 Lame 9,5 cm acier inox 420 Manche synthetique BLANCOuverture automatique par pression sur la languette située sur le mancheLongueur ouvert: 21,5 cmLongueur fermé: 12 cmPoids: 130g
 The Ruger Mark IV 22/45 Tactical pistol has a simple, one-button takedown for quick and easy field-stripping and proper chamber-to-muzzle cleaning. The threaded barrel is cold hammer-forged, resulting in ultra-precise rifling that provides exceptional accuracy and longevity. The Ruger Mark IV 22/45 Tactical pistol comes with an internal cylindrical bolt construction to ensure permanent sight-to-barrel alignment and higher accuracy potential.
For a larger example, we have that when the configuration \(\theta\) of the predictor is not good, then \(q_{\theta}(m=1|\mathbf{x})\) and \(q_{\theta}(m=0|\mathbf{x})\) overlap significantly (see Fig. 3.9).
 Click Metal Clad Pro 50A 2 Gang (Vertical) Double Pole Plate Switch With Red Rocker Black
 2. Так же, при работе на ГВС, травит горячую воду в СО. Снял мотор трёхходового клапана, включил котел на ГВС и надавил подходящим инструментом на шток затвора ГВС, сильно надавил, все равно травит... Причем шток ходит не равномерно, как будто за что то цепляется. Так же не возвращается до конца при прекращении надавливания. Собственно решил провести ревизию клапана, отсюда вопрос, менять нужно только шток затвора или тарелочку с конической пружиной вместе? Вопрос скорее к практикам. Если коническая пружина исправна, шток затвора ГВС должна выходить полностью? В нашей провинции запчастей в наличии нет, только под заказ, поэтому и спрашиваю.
* * * * * * *
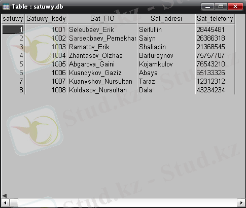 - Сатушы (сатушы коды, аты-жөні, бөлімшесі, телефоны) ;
* * * * * * *
Above are the entries. Quote exactly the lines from the one bearing "Lame 9,5 cm" through the one bearing "2. Так же, при".

 Lame 9,5 cm acier inox 420 Manche synthetique BLANCOuverture automatique par pression sur la languette située sur le mancheLongueur ouvert: 21,5 cmLongueur fermé: 12 cmPoids: 130g
 The Ruger Mark IV 22/45 Tactical pistol has a simple, one-button takedown for quick and easy field-stripping and proper chamber-to-muzzle cleaning. The threaded barrel is cold hammer-forged, resulting in ultra-precise rifling that provides exceptional accuracy and longevity. The Ruger Mark IV 22/45 Tactical pistol comes with an internal cylindrical bolt construction to ensure permanent sight-to-barrel alignment and higher accuracy potential.
For a larger example, we have that when the configuration \(\theta\) of the predictor is not good, then \(q_{\theta}(m=1|\mathbf{x})\) and \(q_{\theta}(m=0|\mathbf{x})\) overlap significantly (see Fig. 3.9).
 Click Metal Clad Pro 50A 2 Gang (Vertical) Double Pole Plate Switch With Red Rocker Black
 2. Так же, при работе на ГВС, травит горячую воду в СО. Снял мотор трёхходового клапана, включил котел на ГВС и надавил подходящим инструментом на шток затвора ГВС, сильно надавил, все равно травит... Причем шток ходит не равномерно, как будто за что то цепляется. Так же не возвращается до конца при прекращении надавливания. Собственно решил провести ревизию клапана, отсюда вопрос, менять нужно только шток затвора или тарелочку с конической пружиной вместе? Вопрос скорее к практикам. Если коническая пружина исправна, шток затвора ГВС должна выходить полностью? В нашей провинции запчастей в наличии нет, только под заказ, поэтому и спрашиваю.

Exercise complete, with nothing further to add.